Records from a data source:

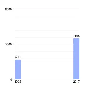 | Gráfica de evolución demográfica de Miraflores entre 1993 y 2017 |
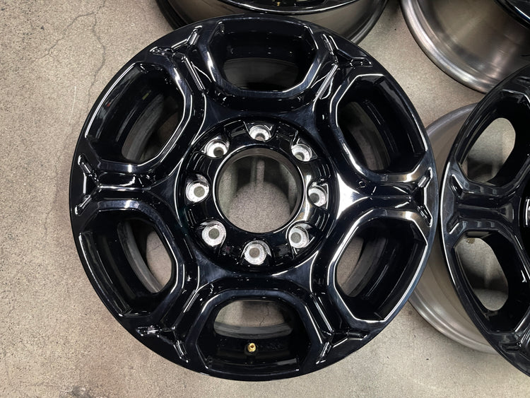 This is a take-off set of 2023 2024 2025 Ford F250 F350 Factory 18 wheels. OEM gloss black powder coat finish. OEM gloss black caps included (2 open and 2 closed for 4x4). NO sensors. Tall rear caps fit the 12 bolt rear axle.
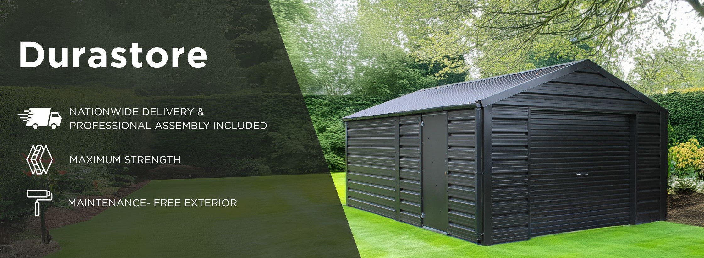 Our maintenance free Durastore Steel sheds and garages are designed and constructed with the most extreme conditions in mind boasting a build quality and strength superior to any other building of this type so it can stand up to the harshest conditions.
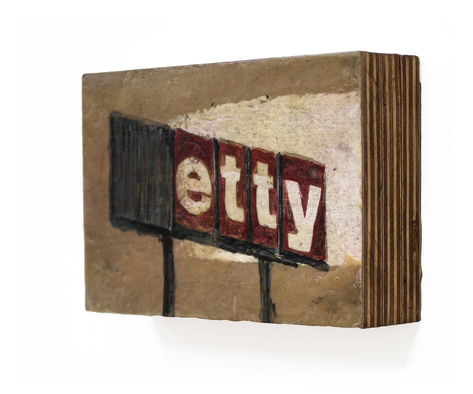 Etty Gas, 2014 (side view), watercolor and gouache on mylar mounted on panel with resin, 6.5 x 9.5 x 2.5 inches
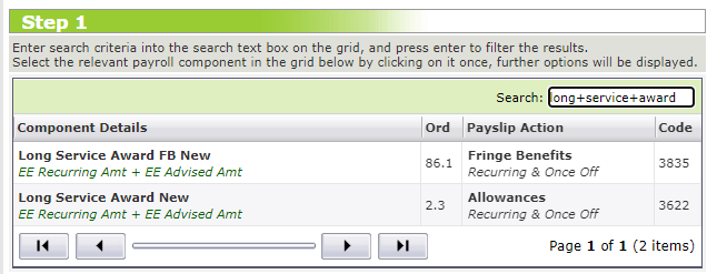 A Long Service Award can be processed on employee level by first creating the following components on company level.
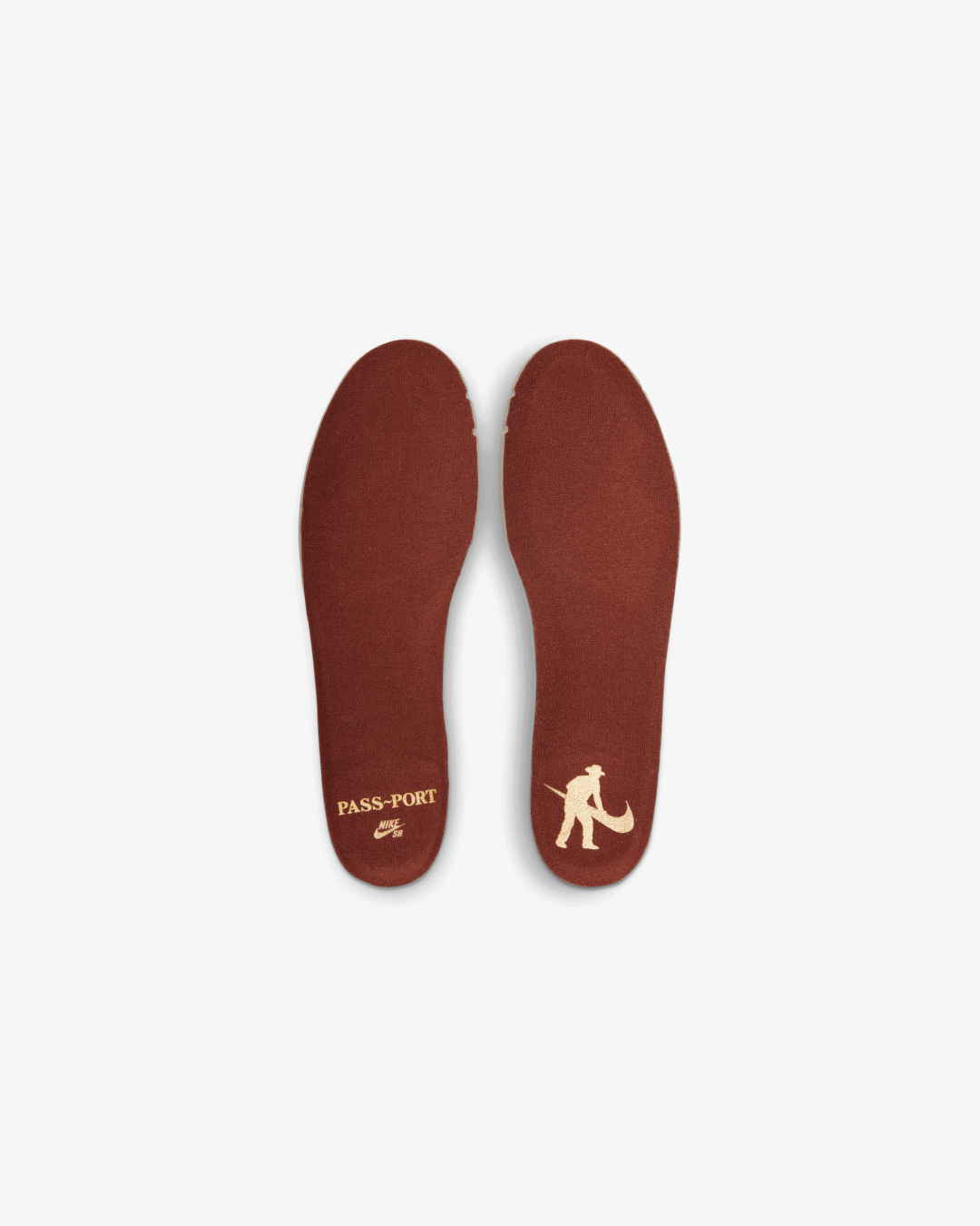 On the lateral side, a woven embroidered logo patch of Pass~Port's signature pickaxe logo is prominently displayed, symbolizing hard work and the brand's commitment to skateboarding. The Nike Swoosh is creatively designed with a contrasting yellow outline, giving the sneakers a striking yet harmonious look.
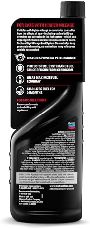 Techron High Mileage Fuel System Cleaner is specially formulated to clean and protect classic cars and all vehicles with over 75, 000 miles. It is formulated for gasoline powered, modern and classic, passenger cars, light trucks, and SUVs, including carbureted, two stroke, and port fuel injected engines. To keep the entire fuel system clean, use Techron High Mileage every 1, 000 miles or as needed for your high mileage vehicle. 1 One 12oz bottle treats up to 21 gallons of gasoline. Recommended for use in: Spark ignition engines with gasoline, ethanol and gasoline/ethanol blends Gasoline hybrid vehicles. Will not harm catalytic converters and oxygen sensors. Not recommended for diesel engines. Not for aviation.
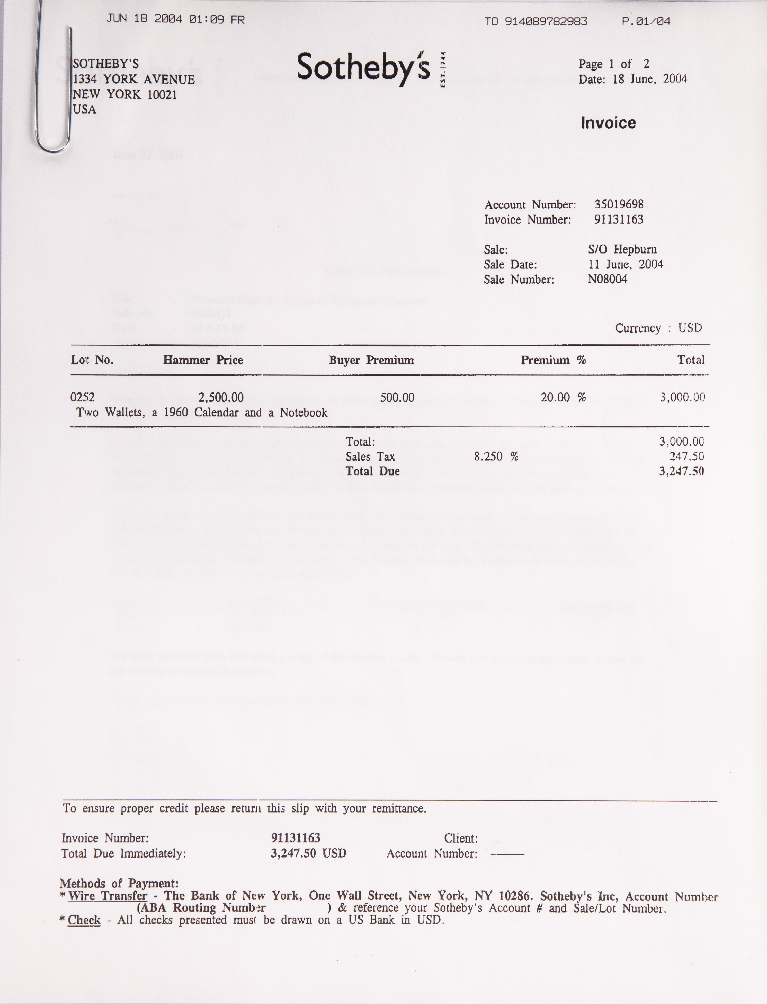 Exhibitions: Sotheby’s New York, June 10-11, 2004, Lot 252
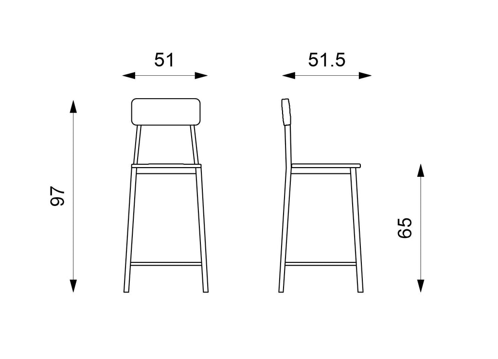 Set 2 Sgabelli 51x51,5xH97 cm in Legno e Metallo Woody Bianco

Assignment: Restate word for word the lines of the data above that begin at the line with "Our maintenance free" and end at the line with "On the lateral", keeping both ends and dropping every picture.

Reply to the exercise:
 Our maintenance free Durastore Steel sheds and garages are designed and constructed with the most extreme conditions in mind boasting a build quality and strength superior to any other building of this type so it can stand up to the harshest conditions.
 Etty Gas, 2014 (side view), watercolor and gouache on mylar mounted on panel with resin, 6.5 x 9.5 x 2.5 inches
 A Long Service Award can be processed on employee level by first creating the following components on company level.
 On the lateral side, a woven embroidered logo patch of Pass~Port's signature pickaxe logo is prominently displayed, symbolizing hard work and the brand's commitment to skateboarding. The Nike Swoosh is creatively designed with a contrasting yellow outline, giving the sneakers a striking yet harmonious look.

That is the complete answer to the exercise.